Friday, January 29, 2010

the 2 girls

Aren't they just adorable? hahah...of course they are...they are mine!

Do you ever get this I-can't-believe-I-have-kids feeling? I have. I still do as a matter of fact. I have never in my life thought I'd ever have kids. I was too afraid of childbirth. I am serious. I was so afraid of the pain that I actually thought that if ever I go through childbirth, it'll be the end of me! The silliest thing on earth I tell you.

But, how I contradict myself. I had not only gone through once but TWICE insanely mortifying birth. Both I will never forget. Because well, firstly, it's one of the craziest thing I've ever done and secondly, I wrote down my birth stories on this blog heheh...So, it's virtually impossible for me to forget the details.

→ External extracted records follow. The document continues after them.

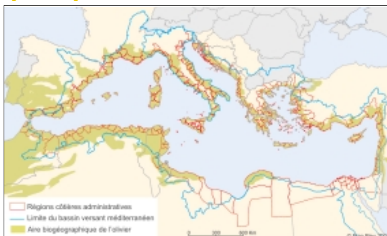
Figure 1 : Les régions littorales méditerranéennes

Le littoral méditerranéen compte 46 000 km de côtes, dont 42 % (19 000 km) appartenant aux nombreuses îles. En 2000, il rassemblait 143 millions d'habitants dans 234 unités administratives côtières (Figure 1). Autrement dit, 33% de la population méditerranéenne vit sur 13% de la superficie des pays riverains.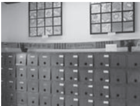
▶ 玄関への展示の様子

式根島中学校は、本年度で66年目を迎える伝統ある学校です。毎年、5月の開校記念日(5月7日)には、卒業生の方をお招きし、全校生徒でその当時の中学校のお話をうかがう会を行っています。今年、さらにこの会にあわせ、正面玄関の下駄箱上に旧木造校舎建設時に使用した柱(幣束)を展示いたしました。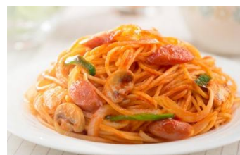
追いケチャナポリタン

ブース内では、昨年に引き続き、カゴメが監修したオリジナルレシピで作ったフード販売を実施。前回、30分待ちの行列ができるほどの人気を博し、予定数がすぐに完売した「追いケチャナポリタン」(「カゴメトマトケチャップ」使用)のほか、今年は新たに「フライパンで10分!ミートソース」(「カゴメ基本のトマトソース」使用)をご用意。それぞれ、各日限定750食ずつ販売します。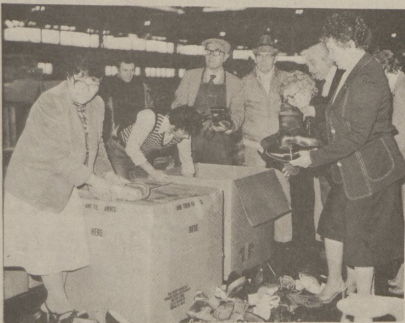
Najpierw trzeba sprawdzić, czy wszystkie buty mają parę. Powiązać je i dobrze ułożyć w kartonie.

Cenny par butów. Ochotnicy, działacze Wydziału Stanowego Kongresu Polonii Amerykańskiej i wielu innych organizacji poświęcili wiele godzin pracy (nadal pracują) przy sortowaniu i pakowaniu obuwia, przygotowując je na wysyłkę do Polski. Poniżej zdjęcia ilustrujące pracę ochotników.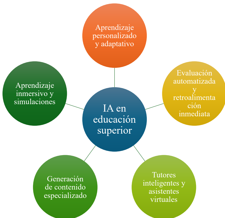
Figura 1. Tendencias de la IA en educación superior

Nota: Elaboración propia de los autores.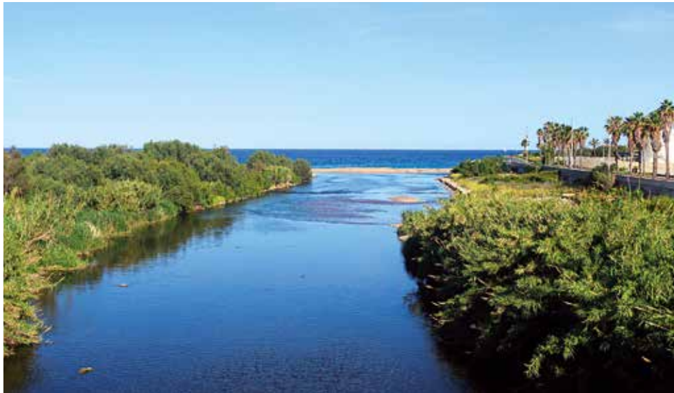
Desembocadura del riu Besòs.

observar un incipient bosc de ribera colonitzat amb tamarius i canya i amb nombroses aus com gavines, corbs marins, ànecs i esplugabous. No sempre ha tingut aquest aspecte tan naturalitzat doncs fins a finals del segle passat el riu era una veritable claveguera a cel obert on anaven a parar els abocaments d'aigües fecals urbanes i residus líquids industrials. La progressiva construcció de depuradores per a les aigües residuals dels nuclis urbans i una política de tolerància zero amb les activitats industrials contaminants va permetre la millora de la qualitat de les aigües i el retorn de la vegetació i fauna autòctona. Fins i tot la llúdriga ha colonitzat de nou la conca del Besòs i de tant en tant algun exemplar es deixa veure al tram final del riu. La cirereta del pastís ha estat la construcció del Parc Fluvial del Besòs 11, de nou quilòmetres de llargada, al llarg dels municipis de Montcada i Reixac, Barcelona, Santa Coloma de Gramenet i Sant Adrià de Besòs que en aquest tram de la desembocadura té un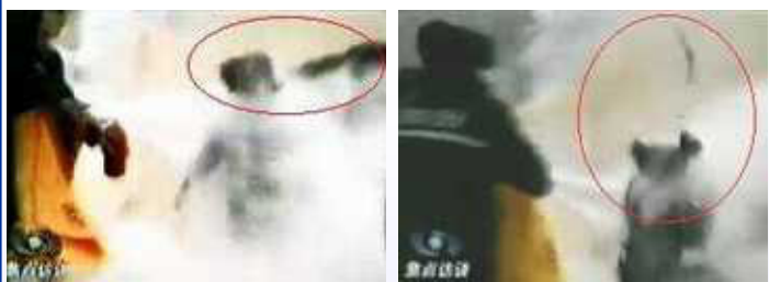
《是自焚还是骗局》真相电视片，是将中央台的“自焚”电视慢镜头播放，观众可清晰的看出：所谓的自焚女子刘春玲，是被打死而非烧死。 图 1：有人用物体猛击刘春玲的头部，刘随即倒地。 图 2：一条状物快速弹起，从死者脑后飞出数米远。

3.05 电视插播简况： 2002年3月5日，吉林省长春市有线电视网络的八个频道被插播《法轮大法洪传世界》、《是自焚还是骗局》等法轮功真相电视片，时间长达四、五十分钟。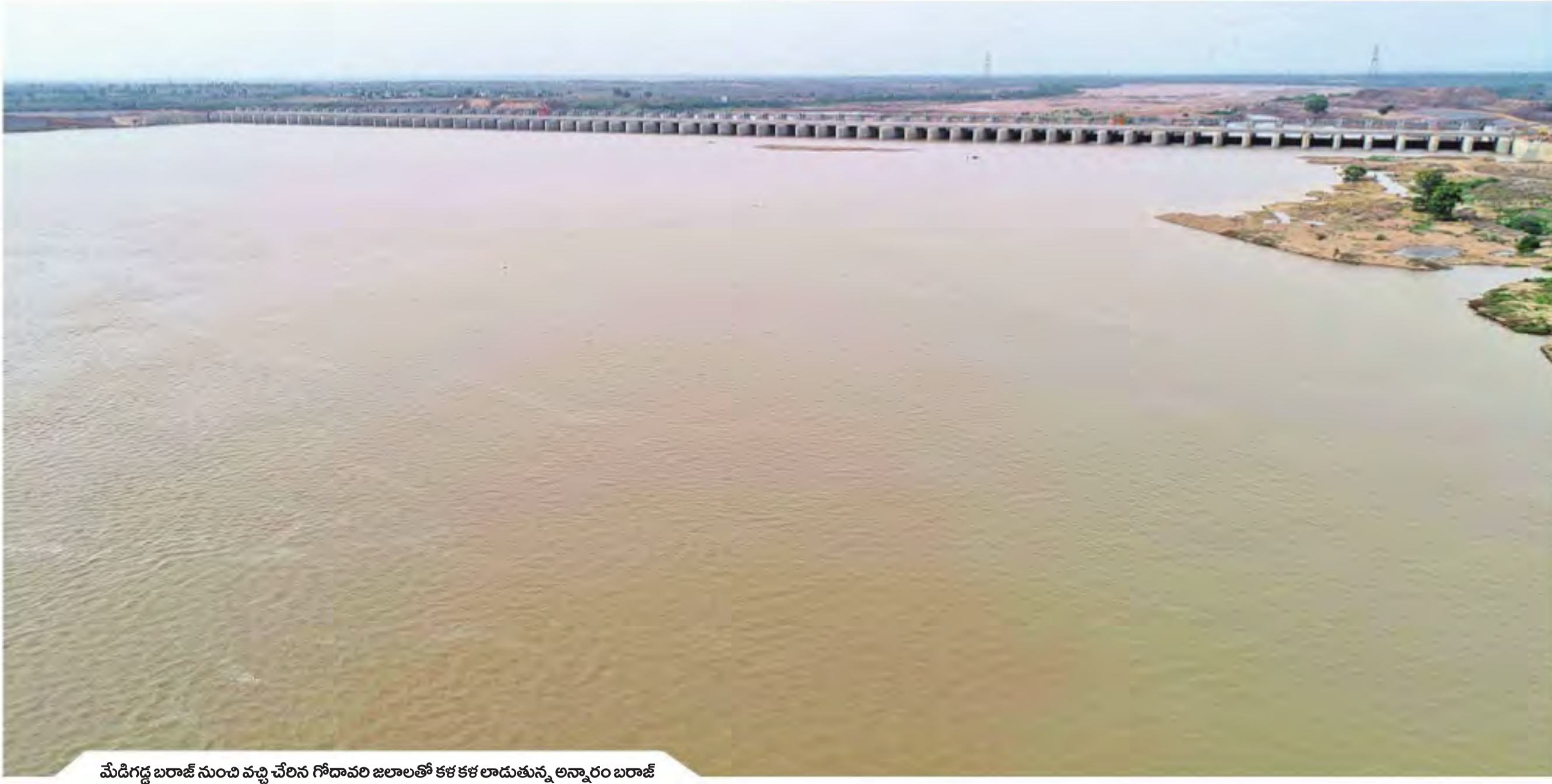
మేడిగడ్డ బరాజ్ నుంచి వచ్చి చేరిన గోదావరి జలాలతో కక కక లాడుతున్న అన్నారం బరాజ్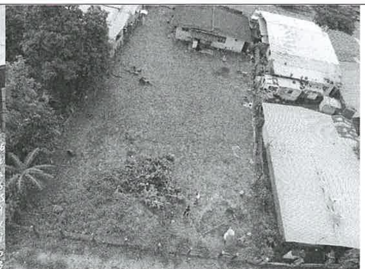
Foto No. 3 y 4. Vista de la entrada, áreas colindantes y Vista panorámica de la propiedad, topografía, vegetación.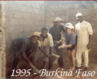
1995 - Burkina Faso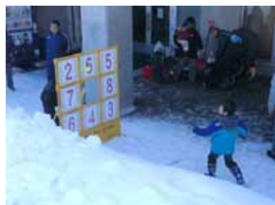
<ストラックアウトゲーム>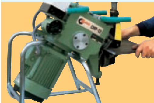
Ejemplo de chaflanado de piezas pequeñas multiformes. Examples of beveling multi-form little parts. Exemples de chanfreinage de petites pièces multiformes.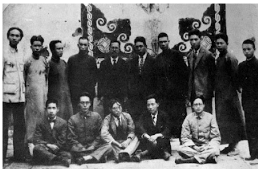
China, 1927: anarquistas coreanos e chineses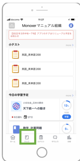
1 「タスク」をタップする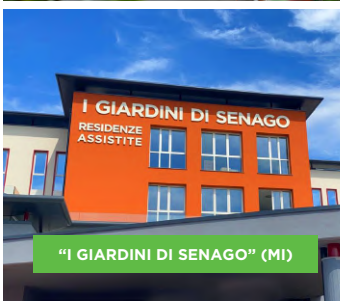
"I GIARDINI DI SENAGO" (MI)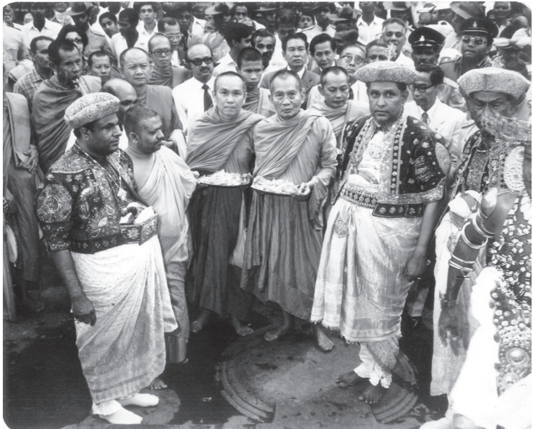
ทรงเป็นลำ่าประจำพระองค์ในเจ้าพระคุณ สมเด็จพระสังฆราชเจ้า กรมหลวงชินวราลงกรณ ในโอกาสที่ทรงเสด็จไปทรงแสดงธรรมหรือเสด็จไปปฏิบัติพระศาสนกิจ ณ ประเทศต่าง ๆ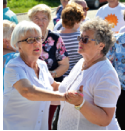
Zabawa Seniorów w Ostonce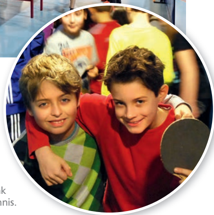
Begeistert: Kinder und Jugendliche hatten in der Hamburger Volksbank Arena viel Spaß beim Tischtennis.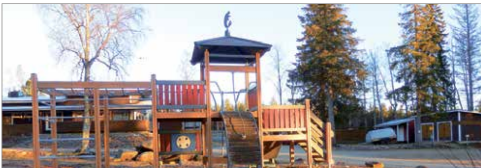
Merihelmi Campingin leikkikenttää. Merihelmi Camping toimii ympäri vuorokauden. Upea alue meren rannalle tarjoaa hienot puitteet lomailijoille.

Nykyisin alueella, joka toimii ympäri vuoden, on kesäisin noin 50 vuodepaikkaa ja kolmellekymmenelle karavaanarille tarkoitettu alue lisää kapasiteettia. Merihelmi Camping tarjoaa myös yhteiset keittiö-, pesu-, grillaus- ja leikkutilat ja tilausaunat. Talvisin pienimmät mökit eivät ole käytettävissä.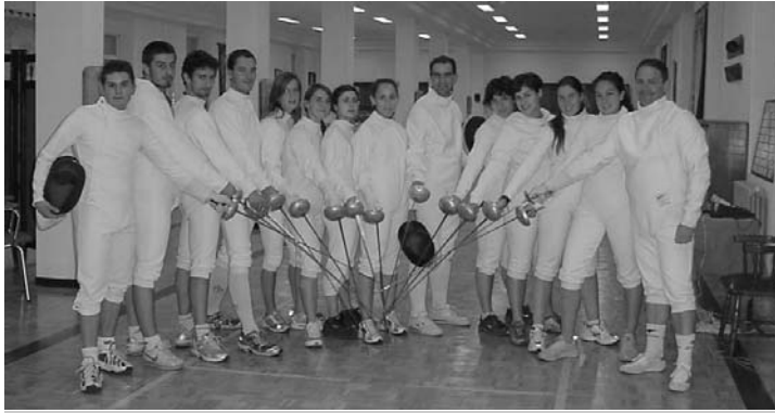
Los alumnos ataviados con los atributos de la esgrima, un deporte de origen medieval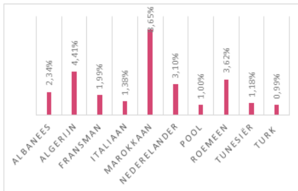
Grafiek 1: De tien meest voorkomende nationaliteiten naast Belg in de Belgische gevangenissen in 2019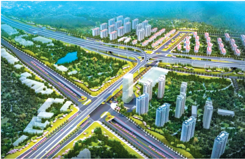
■青银高速公路增设唐山路互通及连接线工程项目效果图。

程量大,难度高;对既有高速公路、城市主干道调流施工周期长,协调、管理复杂;项目地处城市建成区,毗邻居住小区,环保、安全要求高的特点。项目开工当天,全线共计进场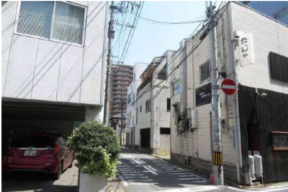
【現況外観写真】北側・市道4.5M。一方通行(東から西に)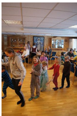
Karneval på Klukkarhaugen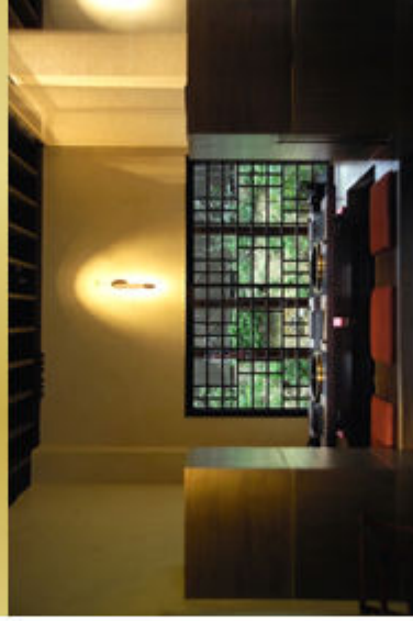
庭園を望む庭家廊 幅り庭焼式でおくつつるをいただきます。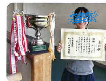
スピーチの部 優勝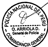
VICENTE TIBURCIO ORBEZO Ministro del Interior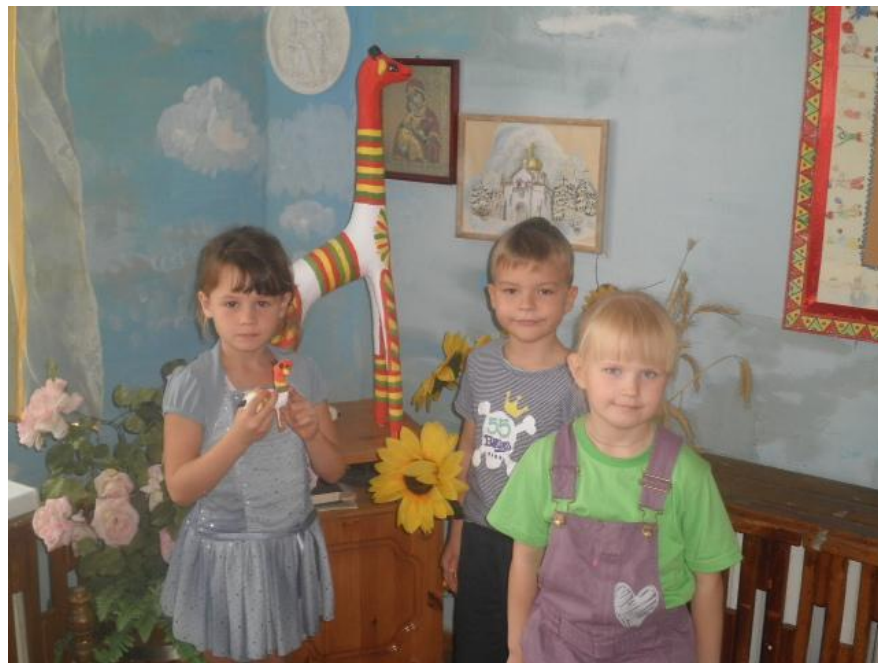
Рассматриваем филимоновской игрушки «Конь»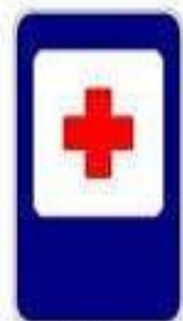
7.1 Пункт медицинской помощи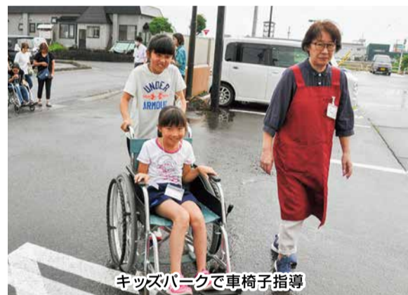
キッズパークで車椅子指導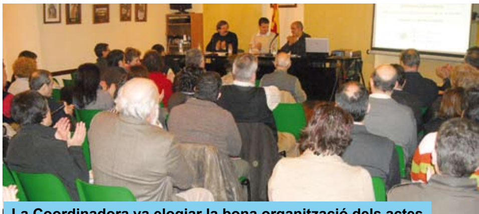
La Coordinadora va elogiar la bona organització dels actes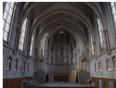
Chapelle, intérieur : vue d'ensemble du chœur (intérieur) IVR31_20106202974NUCA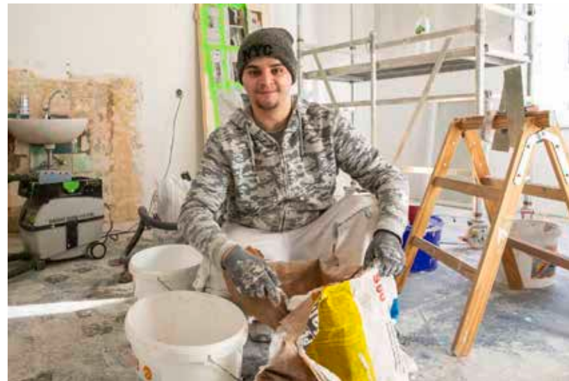
Ganz praktisch geht es bei der Diakonie Rosenheim zu. Hier renovieren Jugendliche eine Wohnung und werden zum Malerhelfer ausgebildet.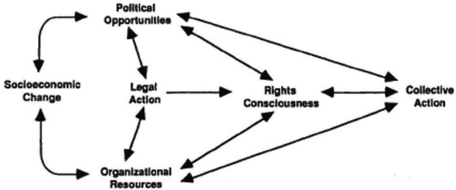
Imagen 1. Contexto social de la movilización legal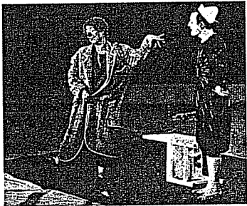
Ο κλόουν Pierre Etaix πουδραρισμένος, στην πίστα του τσίρκου Etaix με την παρτενιά του Annie Fratellini.

κλόουν , ο (clown): εξαιρετικά δημοφιλής κωμικός χαρακτήρας της παντομίμας ή του τσίρκου, που ξεχωρίζει χτυπητά με το έντονο μακιγιάρωμα και την ιδιόμορφη περιβολή του, με τα γελοία κομμάτια του, τα χοντρά («μπουφόνικα») χωρατά του, με στόχο πάντα να προκαλεί το εκρηκτικό γέλιο. Αντίθετα με τον αξιοθρήνητο, συνήθως, παραδοσιακό γελωτοποιό* ή «τρελό» (τον «τζέστερ» στα Αγγλικά), ο κλόουν εκτελεί ένα καθορισμένο πρόγραμμα, που χαρακτηρίζεται από πλούσιο, ανθρόρ χιούμορ, αλλόκοτες καταστάσεις και ζωηρή, σφριγηλή κίνηση και σωματική δράση.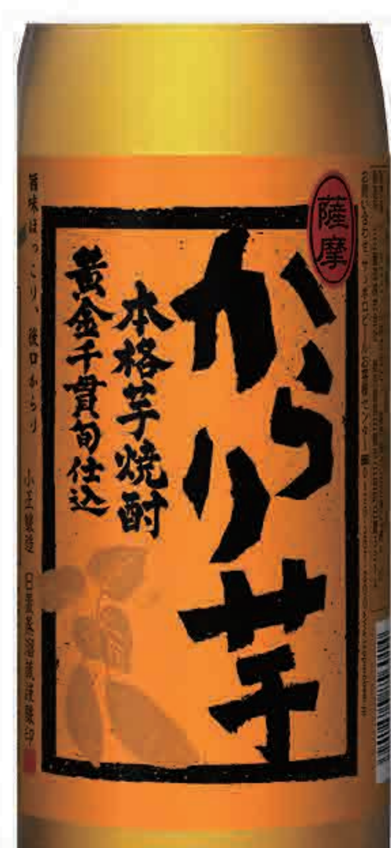
いも焼酎 からり芋 (グラス) 437円 (税込480円) (ボトル) 2,728円 (税込3,000円)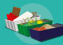
Benne en déchèterie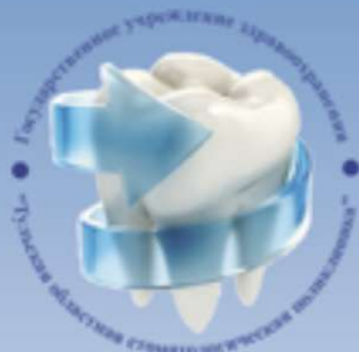
ГУЗ "Тульская областная стоматологическая поликлиника"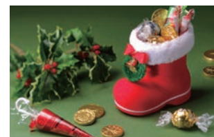
お子様へのプレゼント イメージ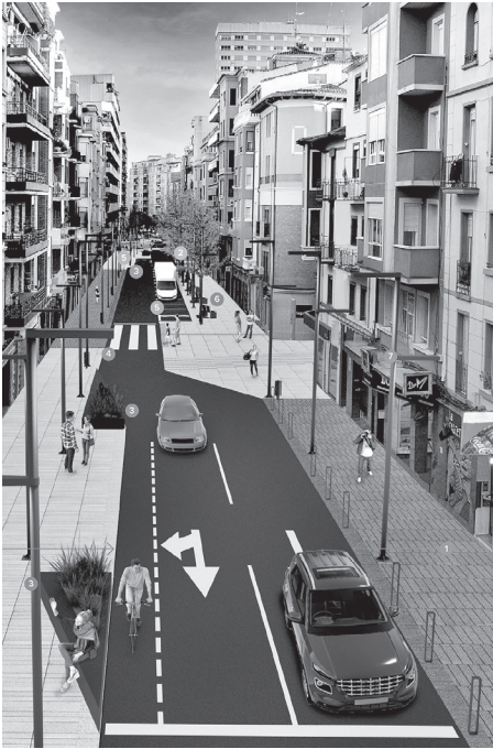
■ La calle República Argentina cuando finalice el proyecto urbanístico.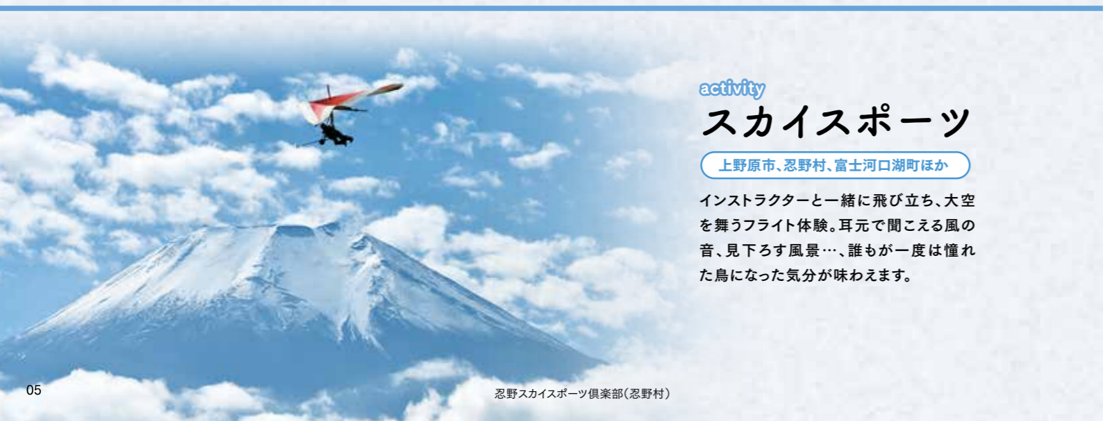
忍野スカイスポーツ倶楽部(忍野村)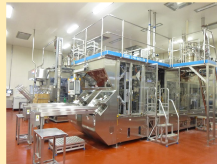
↑導入した1ℓ牛乳パックの充填機

成果： 工程の大部分が機械化 されたことで、 生産性が向上し、省力化 を実現。設備導入時に機械の配置を工夫したことも相まって、 人の出入りが少なく効率的な動線 となり、衛生管理の高度化にも寄与。これらの結果、売上高・経常利益ともに 計画を上回る 実績につながっている。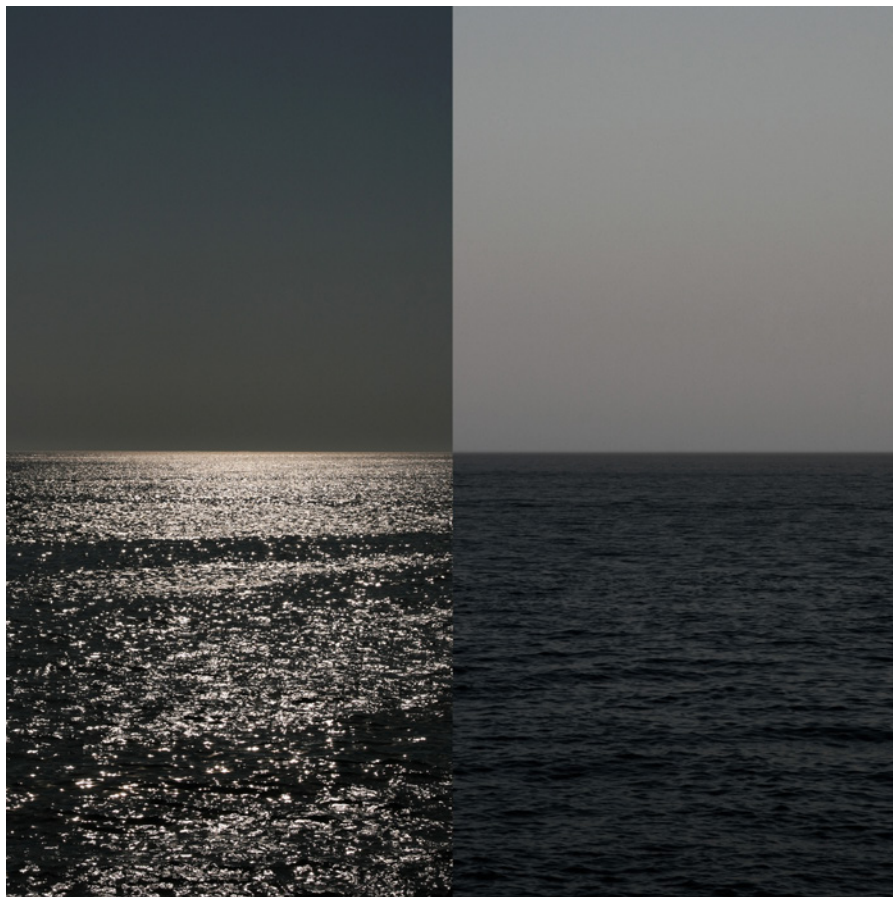
MEER 13 Foto-Abzug / Acrylglas 100 x 100 cm, 2011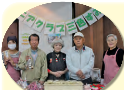
シニアクラブ三色すみれ

臼杵市大字望月112番地の1 TEL/0972-62-3630 FAX/0972-83-5650 e-mail:simominami@usukishakyo.ecnet.jp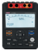
Probador de resistencia de aislamiento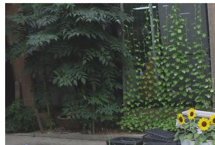
鎌倉中央公園管理棟

Despite all of that, I made it through. Both times. And now, I have two kids. Twice the happiness, twice the pain. Everything we do, everything we buy, we have to do twice and buy twice. One is never enough. Just like online life insurances, we have one for each because some things' are not meant to be shared.

I'd like to think also that now I have kids, there isn't anything I won't do for them. At least I'd try to. Possibly even eating a frog if I have to. Of course, I don't have to do anything of that sort...yet...but I suppose, if I have to, I will just hold my breath and swallow!

1 comment:

Ann said...

hahaha....you are funny!!

We do get those grossed out stories of all the blood and the pain of childbirth don't we!!

People's eyes still pop out when I tell them my period pain is worse than giving birth! But well...

no pain, no gain. But the gain sure exceeds the pain 100 fold!